Personally, I don't think that's a correct assumption."

Well, of course it isn't universally. But it's helpful to be able to scan
something and get prompted that you made something an excessively-specific
type for what is, at this time, no apparent reason.

One generic reason to use a specific type (heh) is to avoid resolving the
interface on every use. But in general there's still a lot of code written
that takes a concrete type but just needs a Reader/Writer/etc.

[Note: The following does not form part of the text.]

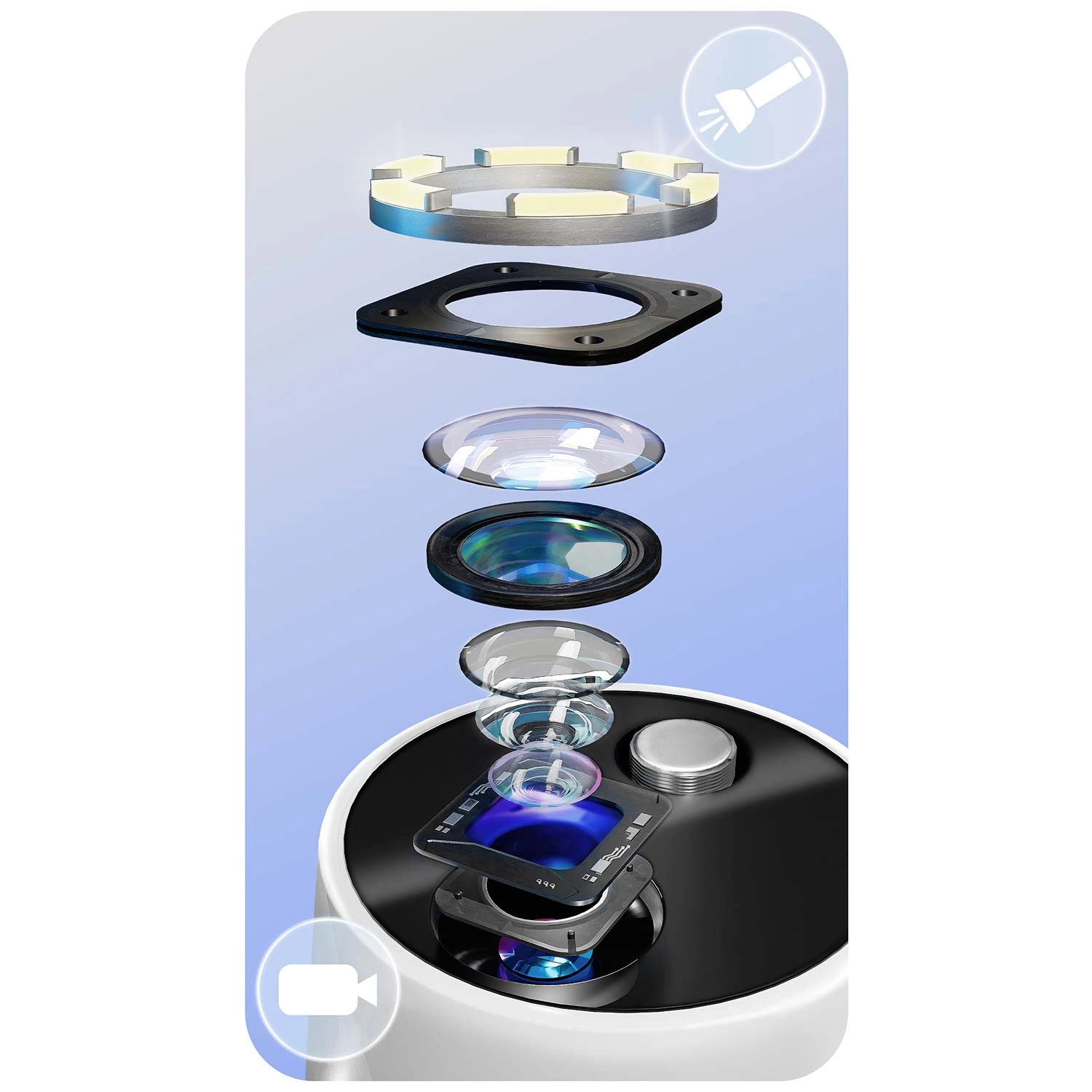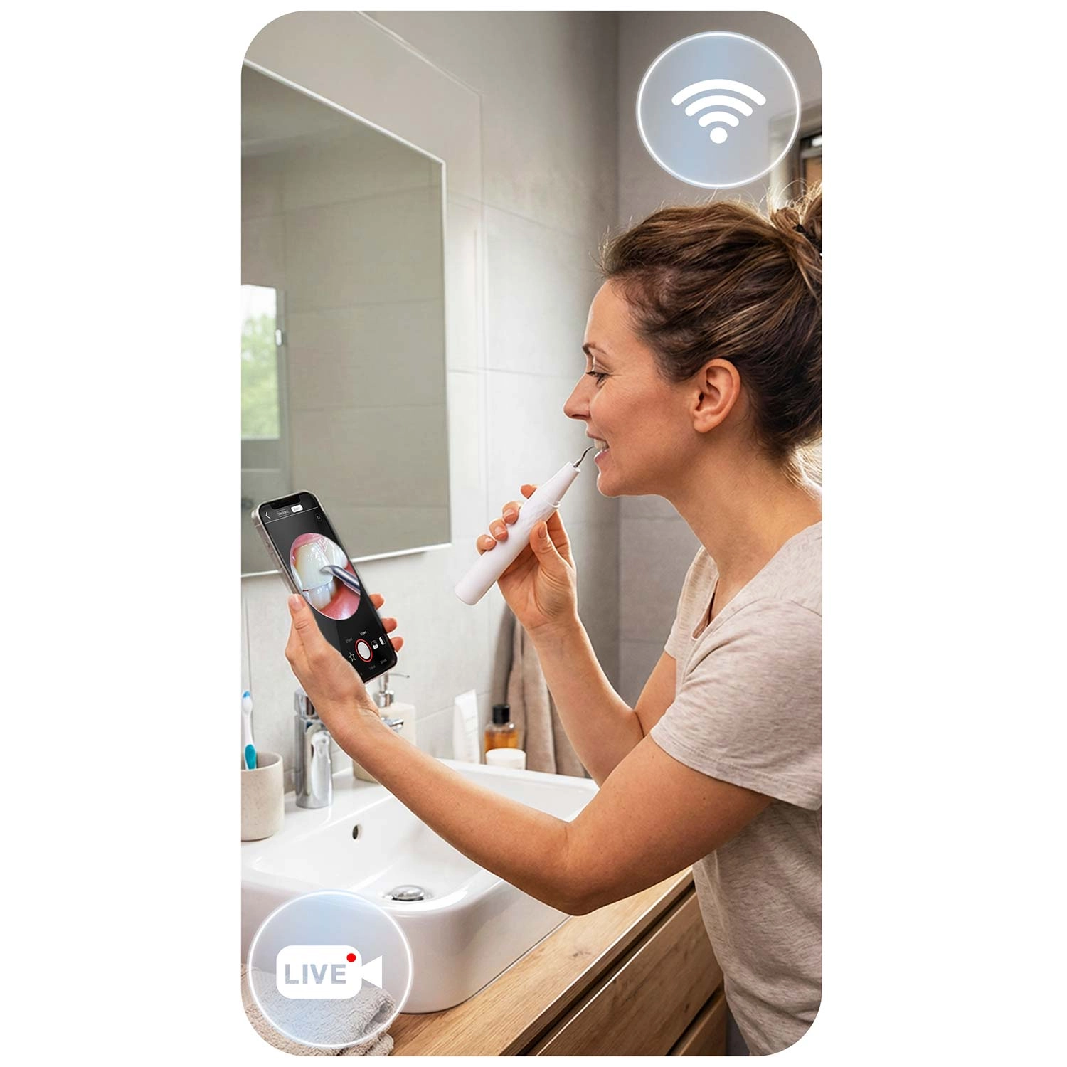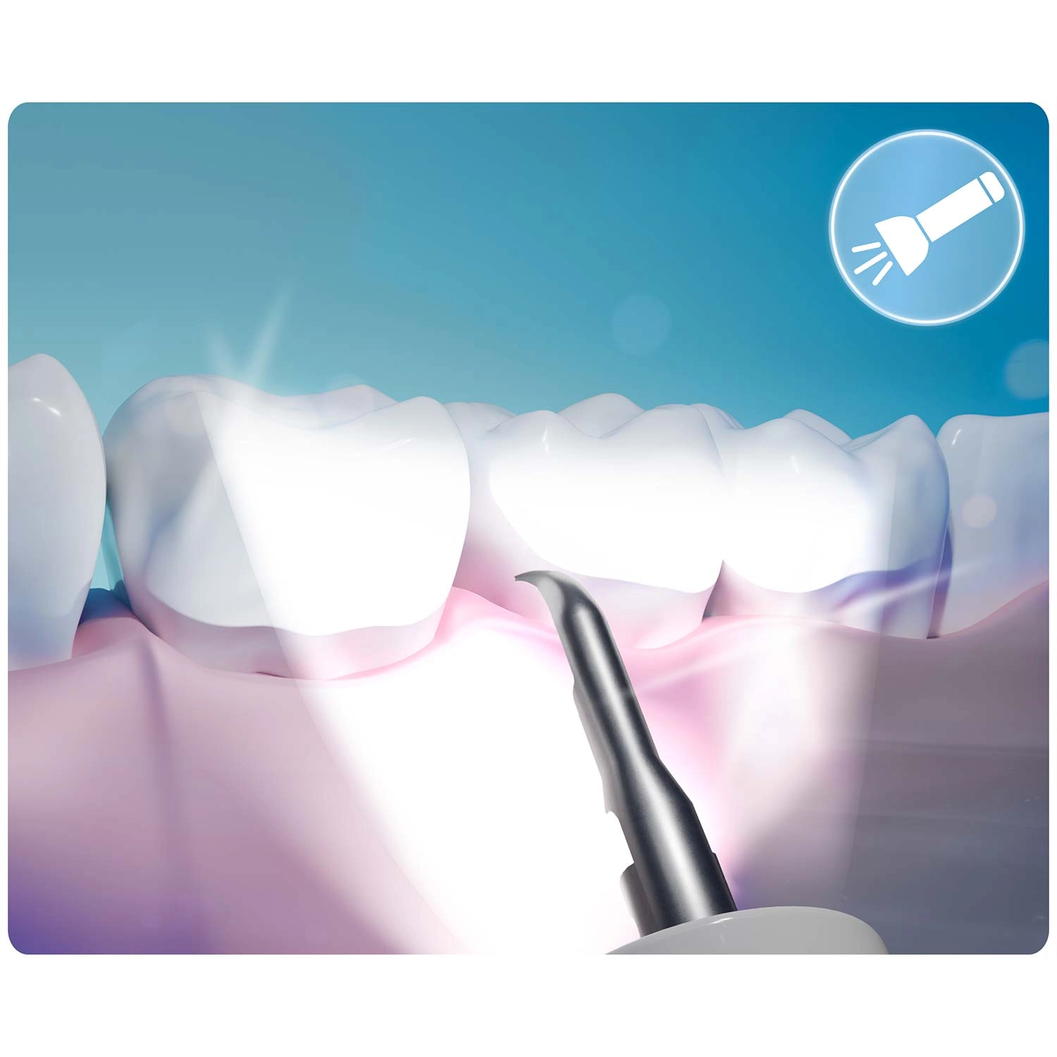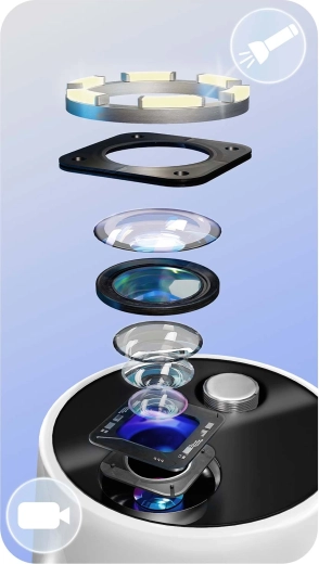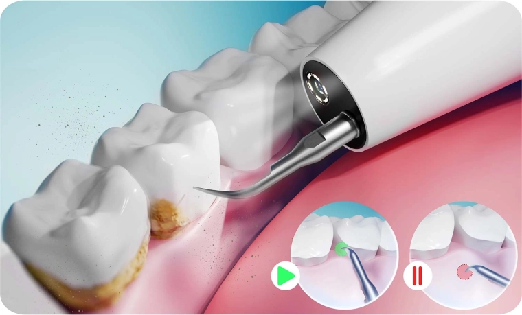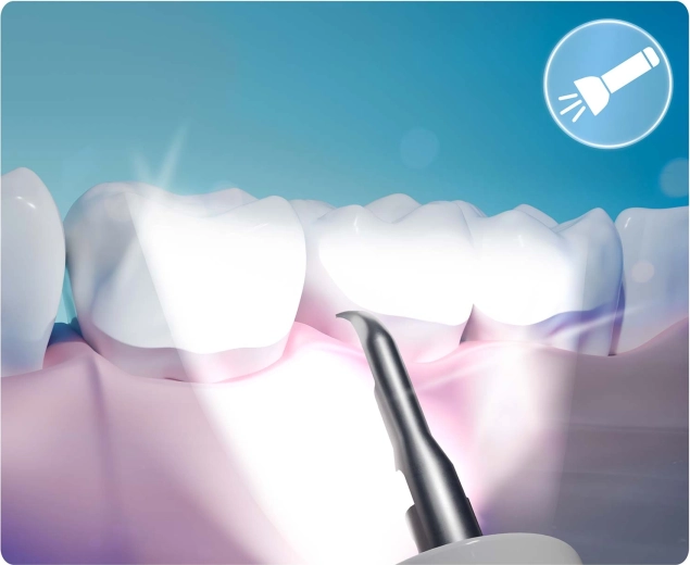 Se hvad du rengør – fuld kontrol og præcision. Det integrerede 2 Mpx kamera med LED-dioder sender live-billede til mobilappen. Så kan du nemt identificere tandsten, misfarvninger og svært tilgængelige områder og fjerne præcis det, der er nødvendigt – uden unødig irritation og gætteri.

"But I would worry that someone would add this to, say, a git hook as way to
enforce this assumption."

I suspect anyone using this is not likely to be tempted that way. There's a
lot of linters/code analyzers for Go that are, like this, useful for feedback
but can't be trusted to that degree. See
[https://github.com/alecthomas/gometalinter](https://github.com/alecthomas/gometalinter).
I've got a profile of a gometalinter setup that I've got some of my projects
hooked up to a pre-commit hook on [1], but only for selected hooks. Things
supported in that package range from "really no good reason ever to have this
'linter' complain" to "I've hardly ever seen it emit a warning I agreed with"
(sorry, gocyclo, but along with my general distaste for cyclomatic complexity
being a useful metric, you're set too painfully low for me).

See also the other story on the HN front page as I write this:
[https://news.ycombinator.com/item?id=11396477](https://news.ycombinator.com/item?id=11396477)
You would not hook that to a precommit hook. You'd just run it every so often.

[1]: If you're interested in this yourself, basically I just wrapped the
metalinter behind a shell script, started committing, and whenever it
complains about something I don't like, I either hack out the specific warning
or the entire linter in question, depending. Best just to grow your own
profile. You may also find this trick amusing: In the pre-commit hook, I
actually have it chdir into the project root and run this:

    
    
        ./gml $(find -name lintclean -printf "%h ")
    

"gml" is the aforementioned shell script consisting basically of "gometalinter
$ALL_THE_EXCLUSIONS $*", and the find comand makes it so you drop a file named
"lintclean" in a package that you want to keep clean. The precommit hook then
only triggers on packages that you've "declared" to be sealed to be clean,
meaning you can develop freely without the linter screaming continuously.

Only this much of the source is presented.